StoyanovVlad commented 1 year ago

System Information

Detailled description

Before creating OgreRenderWindow I create and load texture and setup it in HlmsPbsDatablock, during loading my texture the func GenerateHwMipmaps::_executeSerial() is called where temporary texture with name "___tempMipmapTexture" is created and destroyed at the end of func GenerateHwMipmaps::_executeSerial(). During destroying temporary texture in dtor this texture is added to the BarrierSolver which become a dangle pointer right after exiting dtor. After that I create OgreRenderWindow, during this call texture with "RenderWindow" is created, and if memory for this texture was allocated at the place where dangle pointer in BarrierSolver points to the pointer automatically becomes valid, what is wrong, because no adding was done and later assert will be triggered.

1)Here is adding texture to the Barrier

Screenshot 2023-09-11 at 23 53 57

2)Here is the dangle pointer before creating texture "RenderWindow"

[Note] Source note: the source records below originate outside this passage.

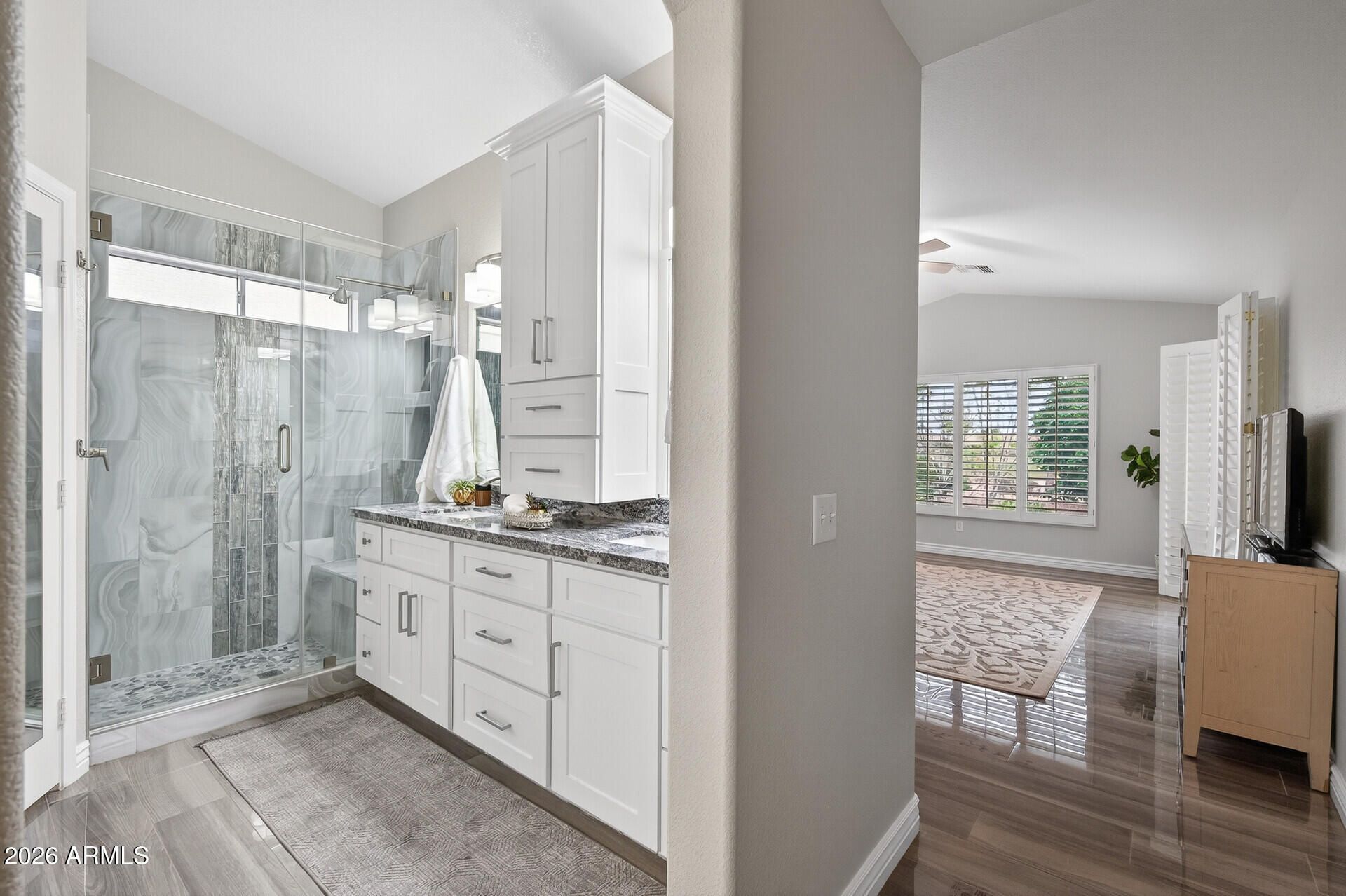 - Walk-in Pantry, High Speed Internet, Granite Counters, Double Vanity, Eat-in Kitchen, Breakfast Bar, 9+ Flat Ceilings, No Interior Steps, Vaulted Ceiling(s), Kitchen Island, 3/4 Bath Master Bdrm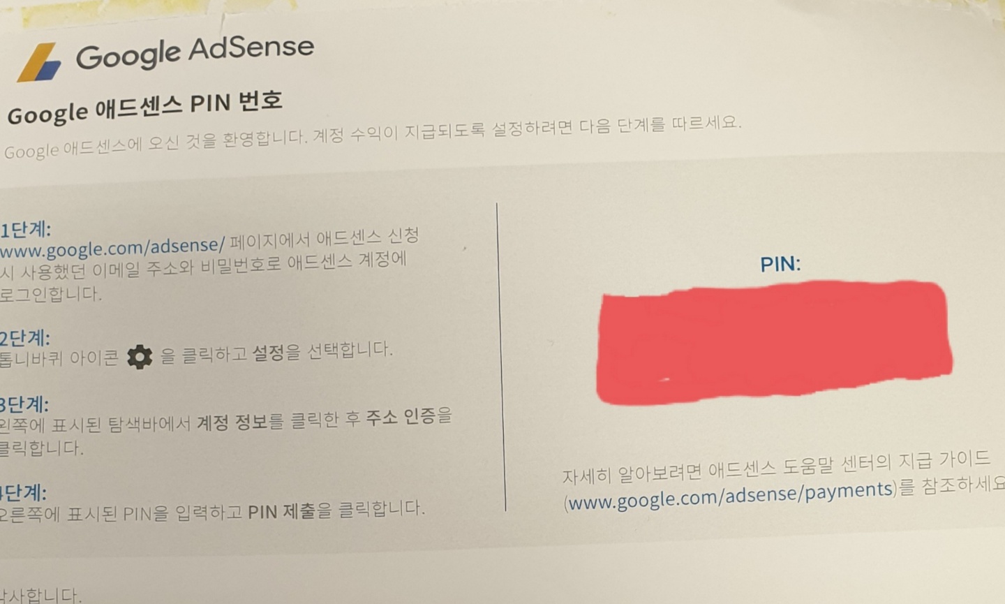 너무 열이 받은 나머지 화난 상태로 인터넷의 애드센스 고객센터에 방문했다. 사정을 설명하고 포스팅 했다. 고객센터는 누구나 다 볼 수 있는 공간이고, 누구나 글을 쓸 수 있는 공간이다. 그러니 천사가 한명 나타났다. 구글이랑 직접 연결하는 일반인인 것 같은 사람이 내 글에 댓글을 적었다. 그리고 사정을 전달해주어, 내 광고가 다시 열리기 시작하고, 약 2주 후 떡하니 주소가 와있는게 아닌가. 그래서 기쁜 마음으로 바로 핀 코드를 입력해버렸다.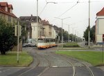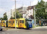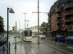 Braunschweig Alstom LHB GT6 tram no. 8165 at Lincolnsiedlung. Photo by Bernard Chatreau, August 2002.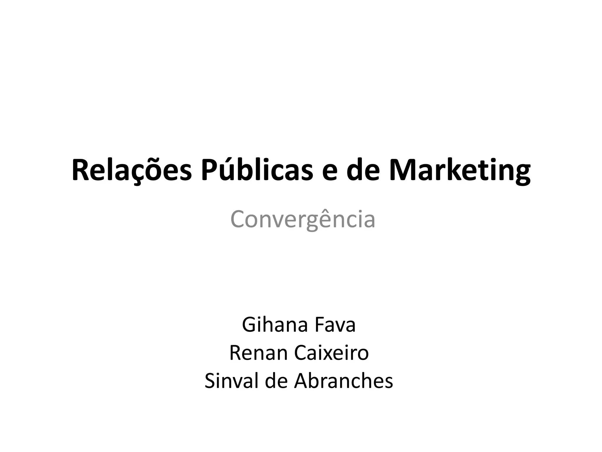 O documento discute a convergência entre marketing e relações públicas no Brasil. Apresenta o contexto histórico de ambas as áreas desde a década de 1960 e como elas têm se aproximado ao longo do tempo, com foco cada vez maior na gestão de relacionamentos. Também analisa o caso Enron para ilustrar como a imagem pública pode ser mais valiosa do que resultados reais.
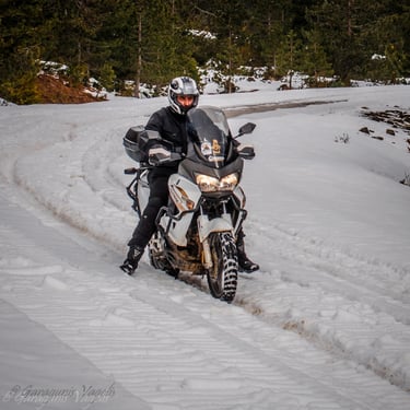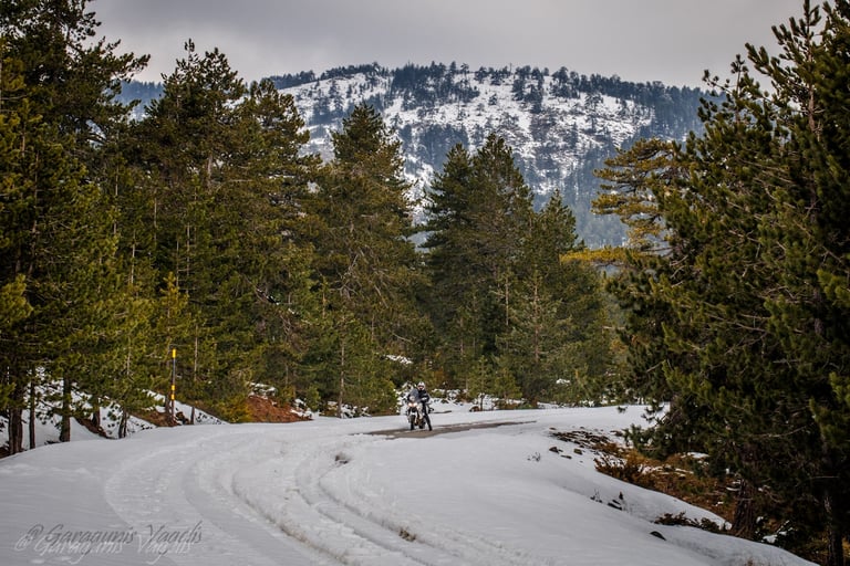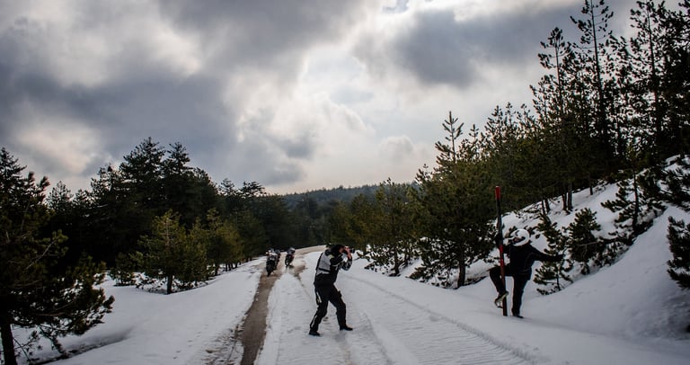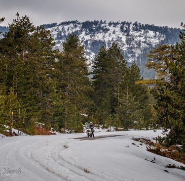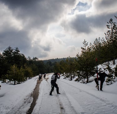 "The Metsovo Plateaus during our reconnaissance. Here, the snow was no longer an obstacle but a masterpiece. The view of the white peaks was so breathtaking that we actually caught ourselves wishing the snow wouldn't melt before the official event.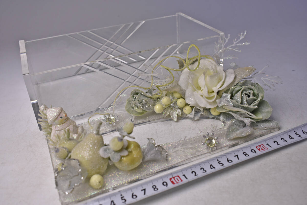 - アクリル ティッシュケース ★ ティッシュ入れ ★ 装飾付きティッシュケース ★ クリスマス仕様 ★ 中古品 ★ 汚れあり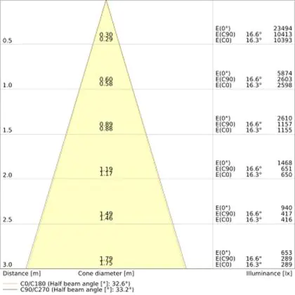 Beispiel: Wird eine Lampe mit einem Abstrahlwinkel von 60 Grad an der Decke (2,5 m Höhe) angebracht, erzeugt sie einen Lichtkegel von 2,9 Metern Durchmesser. Hat die Lampe hingegen einen Abstrahlwinkel von 120 Grad, beträgt der Lichtkegel 8,7 Meter im Durchmesser. |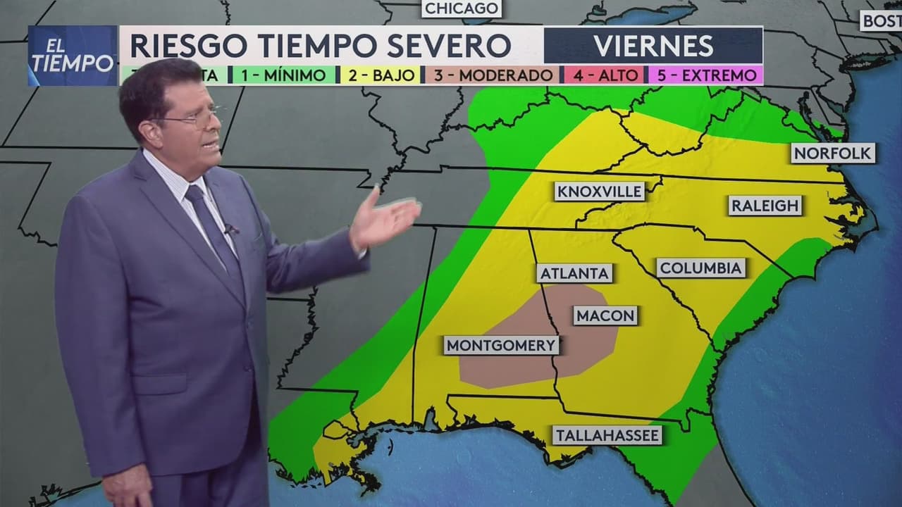 El meteorólogo Eduardo Rodríguez nos habla de la zona bajo riesgo de tiempo severo en Georgia este viernes y el horario en el que se prevé que inicien.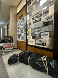 Atendiendo a que se acerca la fecha de nacimiento del nefasto dictador colorado Alfredo Stroessner y con el fin de no olvidar la serie de crímenes que este cometió, el “cuerpo” tendido en el pasillo es un recordatorio de la serie de asesinatos y desapariciones que perpetró el régimen, que no solo dejó eso como nefasta herencia, sino sobre todo un esquema de corrupción y prácticas que tienden a repetirse. Por ello, Benítez dijo enfáticamente: “Fecha feliz nunca más”.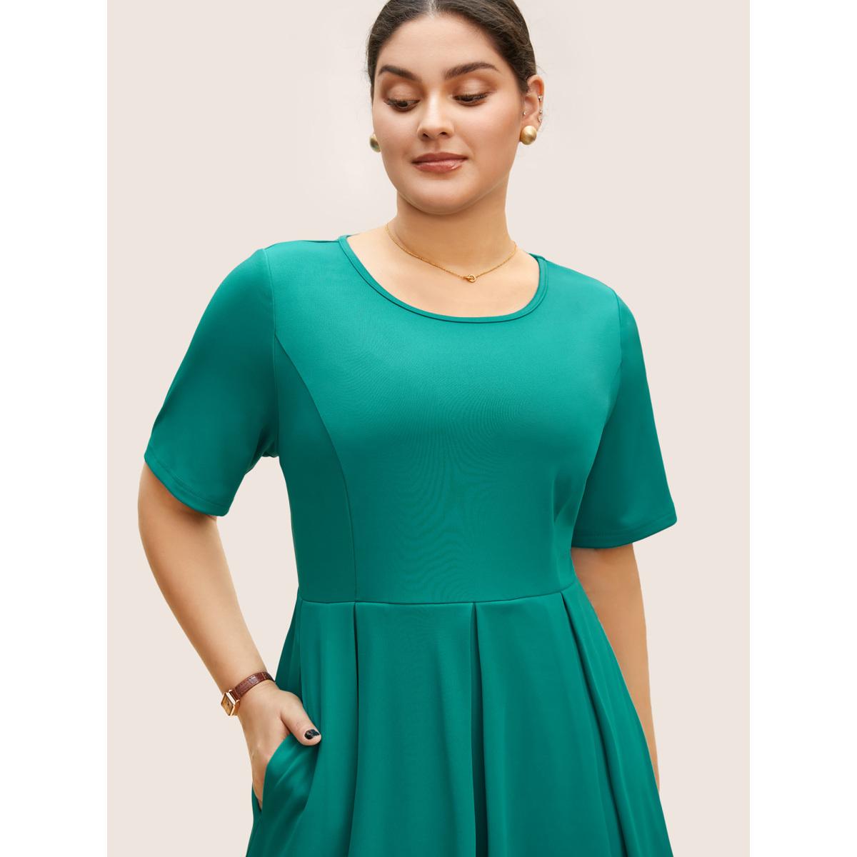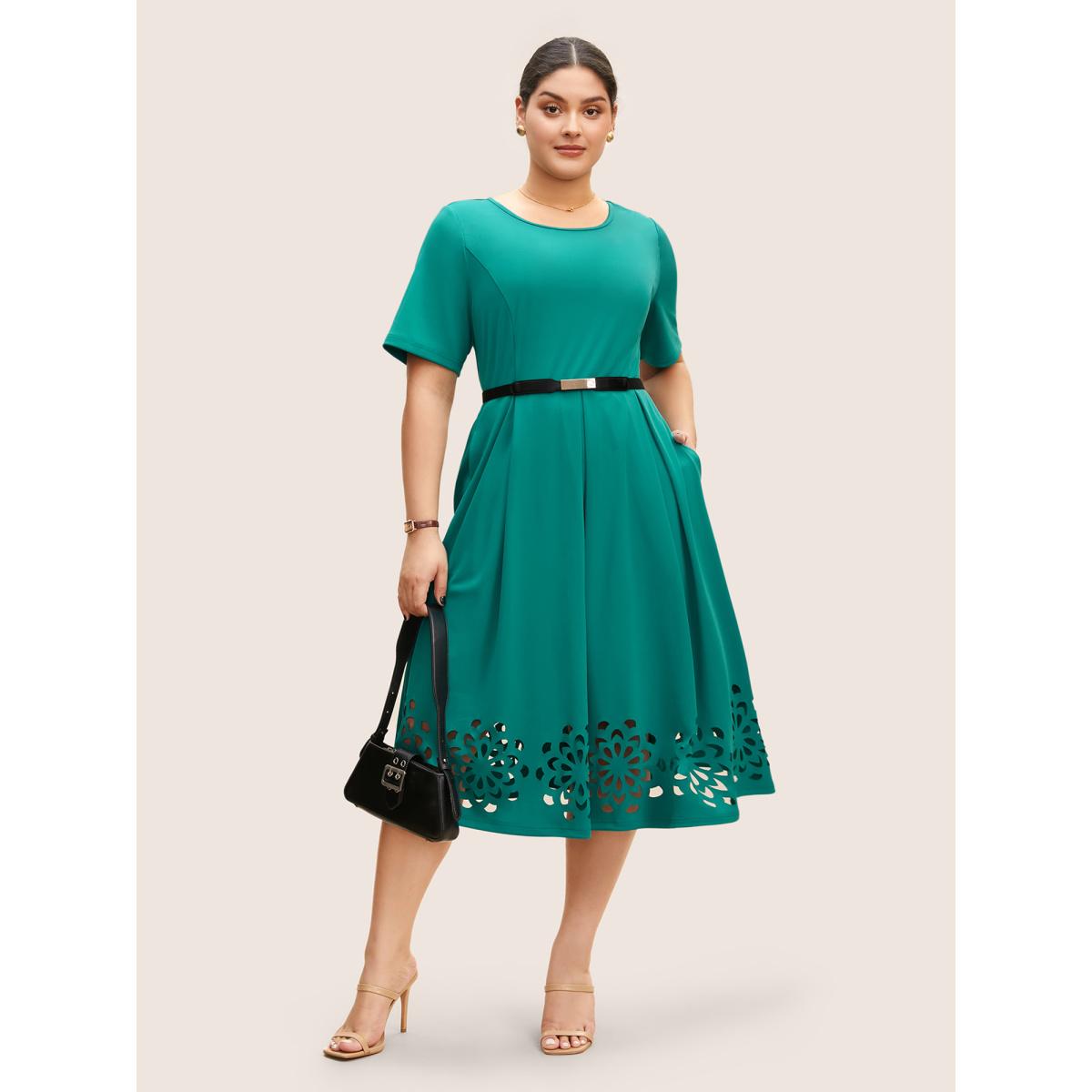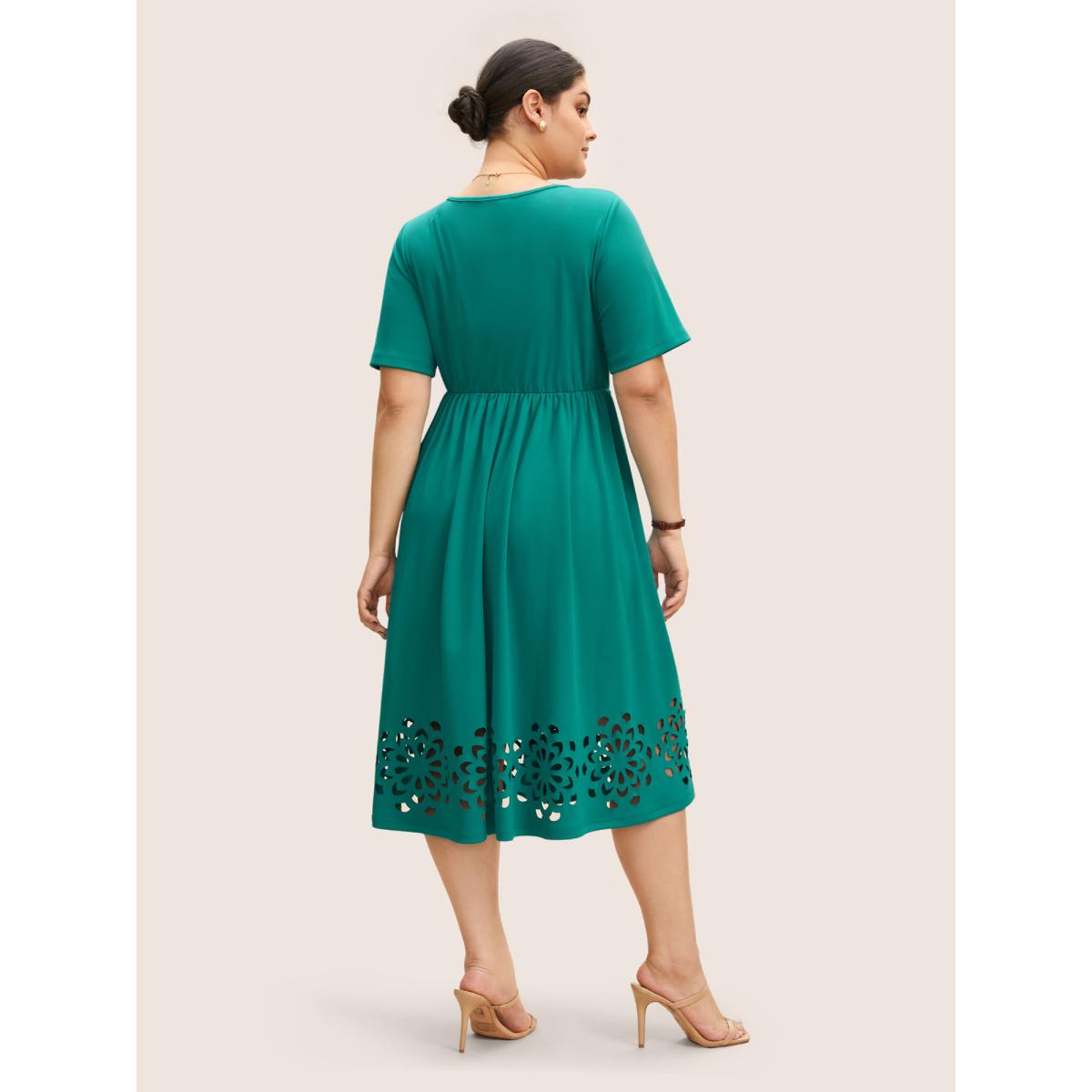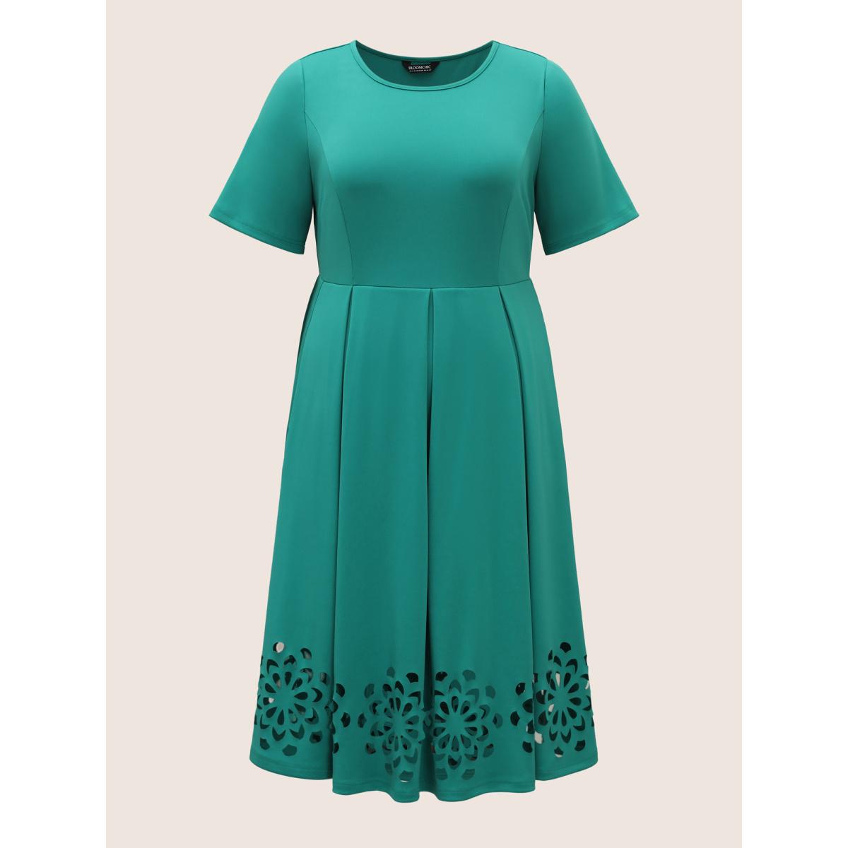 Plus Size Round Neck Laser Cut Plicated Detail Midi Dress Malachitegreen Women Work From Home Pleated Round Neck Short sleeve Curvy BloomChic 10/M

Screenshot 2023-09-11 at 23 55 47

3)Here is stop right after allocating and pointer become valid, but no adding was done to the Barrier

Screenshot 2023-09-11 at 23 56 13

4)Here is my code detects dangle pointer to stop

Screenshot 2023-09-11 at 23 56 32

5)Here is the triggered assert and texture which trigger the assert

Screenshot 2023-09-11 at 23 56 53 Screenshot 2023-09-11 at 23 57 55

Ogre.log

Callstack

StoyanovVlad commented 1 year ago

Supposed fix - selected lines in screenshot

Screenshot 2023-09-12 at 00 22 44
darksylinc commented 1 year ago

Hi!

First, I congratulate you for such high quality ticket. I wish there were more like yours.

After that I create OgreRenderWindow, during this call texture with "RenderWindow" is created, and if memory for this texture was allocated at the place where dangle pointer in BarrierSolver points to the pointer automatically becomes valid, what is wrong, because no adding was done and later assert will be triggered.

Ah, basically the memory address got reused for an unrelated allocation. Yikes!

Supposed fix - selected lines in screenshot

Funny enough TextureGpuManager::destroyTextureImmediate already calls barrierSolver.textureDeleted but unfortunately it gets added again when it shouldn't have.

Does this alternate solution fix the problem?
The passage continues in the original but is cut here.